Election after election, voters are turning against mass incarceration and the war on drugs that sustains it.
In 2020, the people of Arizona, Montana, New Jersey, and South Dakota voted to legalize marijuana, joining 11 other states and the District of Columbia. In Oregon, voters opted to decriminalize possession of all drugs. And even during the deeply divisive Trump administration, bipartisan criminal justice reform managed to pass a Republican Senate and Democratic House to get signed into law.
Slowly but surely, the absurdly large incarcerated population in the U.S. is declining. One noteworthy exception, though, is women.
Since U.S. incarceration peaked in 2008, the number of people in our jails and prisons is down about 8 percent overall. The population of incarcerated women, however, has actually increased about 5 percent during that span. The bulk of this growth is concentrated in jails, where the number of women behind bars is up 15 percent.

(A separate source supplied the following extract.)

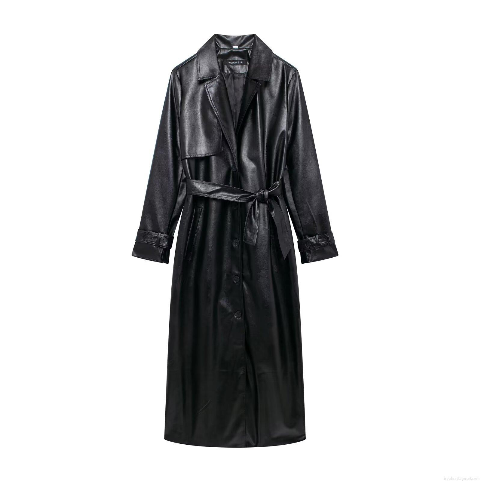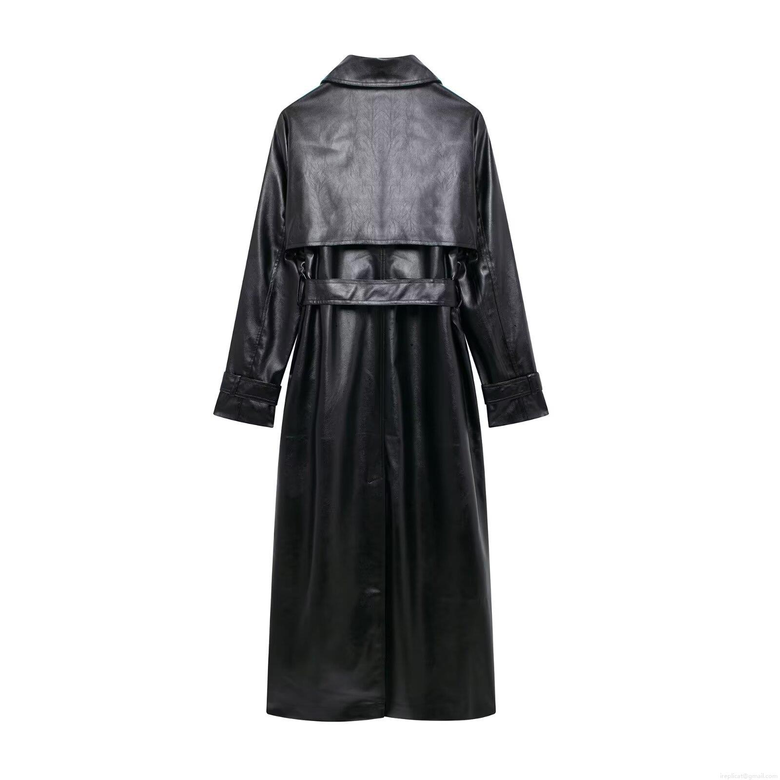 • Women's Loose PU Faux Leather Trench Coat With Belt Long Sleeve Lapel Solid Color Maxi Windbreaker Autumn Streetwear Fashion Outwear Jacket

Because women make up a relatively small percentage of the incarcerated population, trends in their data can go unnoticed. Most people don’t know the total number of incarcerated women is up 700 percent compared to 40 years ago.
Halting this dangerous ascent should be right at the top of the incoming Biden-Harris administration’s criminal justice agenda.
Both Joe Biden and Kamala Harris have checkered histories when it comes to criminal justice. Biden authored the 1994 crime bill, which was a boon to mass incarceration. And Harris’s self-proclaimed status as the original “progressive prosecutor” during her presidential campaign was forcefully debunked by those familiar with her record.
But have they turned over a new leaf?
Both have recently expressed support for reforming the justice system and are under immense pressure to deliver on that front. They’ll take office at a time when the country appears ready to move past the era of mass incarceration and the war on drugs, and especially the criminalization of marijuana.
Drug-related offenses aren’t the only thing driving up the number of incarcerated women, but they’re the primary charge for over a quarter of women in prison. In fact, drug-related arrests among women today are up 216 percent since 1985 — far more than the 48 percent uptick for men.
Pretrial detention is another major factor. About 60 percent of women in jail have not been convicted of a crime and are awaiting a trial. Being unable to afford bail means they’re locked up solely because they’re poor or low income.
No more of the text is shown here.